I was recently taught about the very basics of bedside echo. Prior to even playing around with the ultrasound machine, I was taught about the different bedside echo views. Parasternal short axis, parasternal long axis, apical 4 chamber, apical 5 chamber, subcostal. The idea is that each view will allow a different plane when visualising the heart. This concept can be likened to how being in the same room but looking out a different window will show a slightly different view of the outside world. An outside world which seems pretty far off in the vitamin D-deficient land of being cooped up in the hospital walls. But nonetheless, your ultrasound view will depend on where you decide to place the probe and what you place emphasis on. Subsequently, what we place the greatest emphasis on becomes what matters and what we focus on in that particular view. I thought about this when I met Eugene.


Eugene* was an elderly gentleman admitted to the ICU for respiratory support and ongoing management of an infection in his bloodstream. Now you might think was a fairly common presentation to the ICU, and you’d be right. But Eugene was also a doctor. He was retired and had been for many years now. On the morning ward round of his admission, we explained to Eugene the results of his most recent investigations and the suggested management plan. But it was an explanation in the medical parlance that medical people seem to like talking to each other in using big words you spend all those years in medical school learning (which I probably still seldom understand). It felt like a recognition of kin.


The next day on the morning ward round, I was asked to examine Eugene. He looked different to yesterday. He looked fragile. He was wrapped up in a warm gray blanket from home that looked like a warm hug and hot chocolate - vastly different to the cold-feeling white hospital blankets. I washed my hands (don’t worry – we do that these days) and approached him and softly asked how he was feeling that morning. He said he felt tired. It was a strange instinct that kicked in. Being extremely inexperienced, I’m still learning a lot about what these different instincts mean and how to hone them skilfully. But I later learned that this instinct was about someone who was going to die soon.
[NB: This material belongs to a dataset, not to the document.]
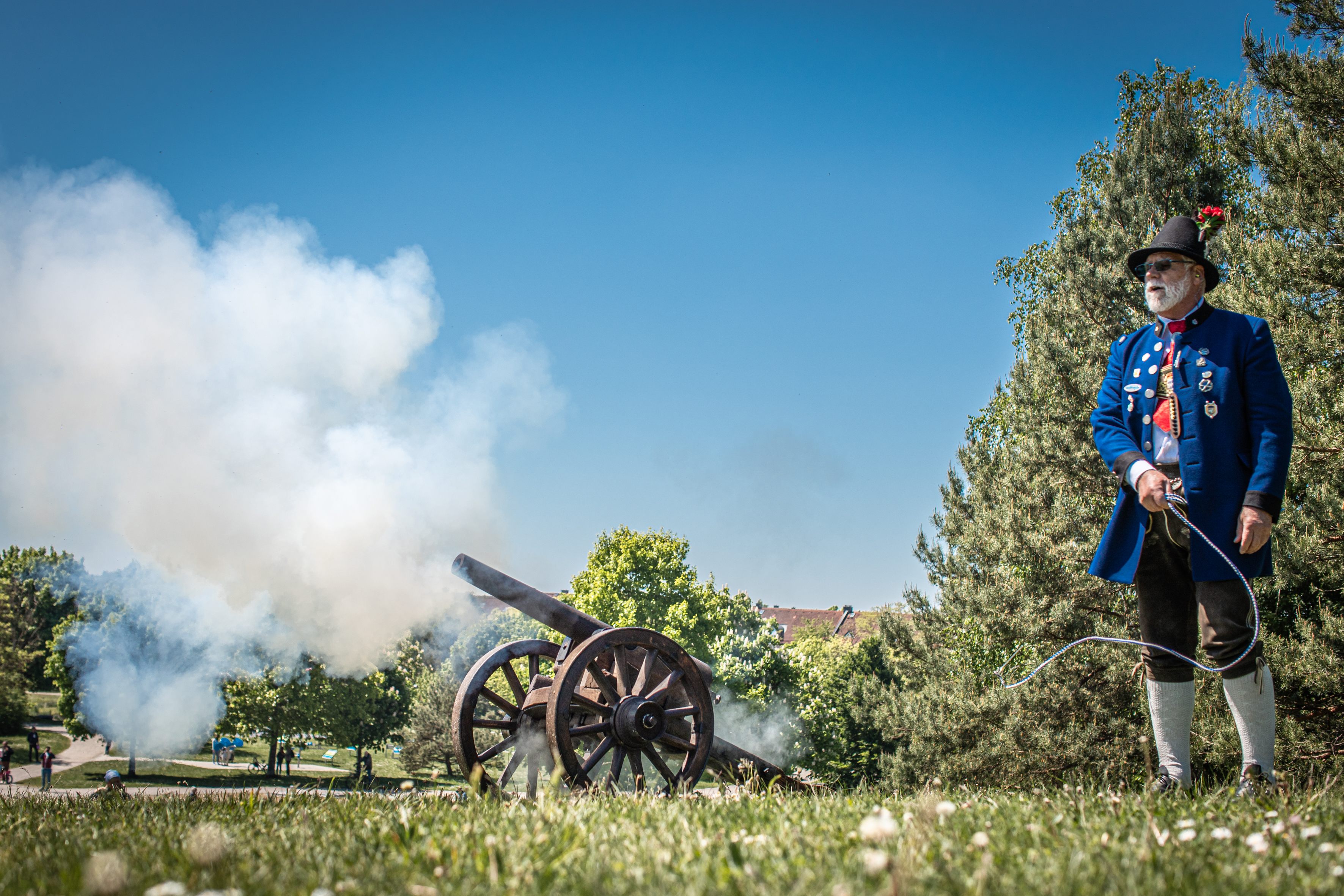 Unsere historische Hinterladerkanone ist ein beeindruckendes Stück Traditions- und Militärgeschichte. Hinterlader bedeutet, dass die Kanone von

Surprisingly, doctors die too. A seminal article published in 2011 voiced an opinion that doctors die differently to their patients. It articulated the idea that having been on the administrating side of putting down breathing tubes, performing invasive procedures and surgeries on patients led doctors to accept end-of-life care that focussed on quality rather than quantity of measures. What a noble ideal to entertain that I may not go kicking and screaming into the good night when my time comes. Unfortunately, it doesn’t seem to be in my nature to back down without a fight. Interestingly, a study performed in 2019 compared the end-of-life care received by physicians compared to non-physicians in Canada. This cohort study compared 2507 physicians and 7513 non-physicians with the primary outcome being location of death and secondary outcomes including measures of health care used in the last 6 months of life. The study found that there was no overall difference between physicians and non-physicians.
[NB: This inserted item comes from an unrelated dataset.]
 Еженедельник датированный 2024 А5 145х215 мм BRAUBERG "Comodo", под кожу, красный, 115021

In fact, the group found that physicians were more likely to die in an ICU. I think this is comforting because perhaps doctors can be just as vulnerable as their patients. We all want to be cared for deeply, throughout life and especially at the end of life. So it approached home time for me but Eugene’s family had yet to arrive. I decided to stay past my designated home time. I stayed because I wanted to make sure that Eugene didn’t die alone. In his last moments, what I wished for him was that he could be wrapped up in the long love he had shared with his wife and have his family around him. Upon reflection, I think that perhaps when someone approaches the end of their life it starts to become more about the living than about the one who is passing on.


So you thought this drivel would be about bedside echo. Let me reassure you that I will not be the one educating you on that particular topic when I can barely steady the probe in the goop long enough to successfully cannulate someone. But think about the different views of the heart. Think about what you can see from a different perspective, whether its thinking about dying as a doctor or dying as a patient. Most of us don’t think about how much choice we really can have at the end of life. Let’s lessen the chasm of perspective between those who contend with life’s fragility and those who don’t. In the end its all the same – its more about what we decide to place emphasis on that informs what view we see from the window. Luckily, Canberra offers some pretty spectacular views.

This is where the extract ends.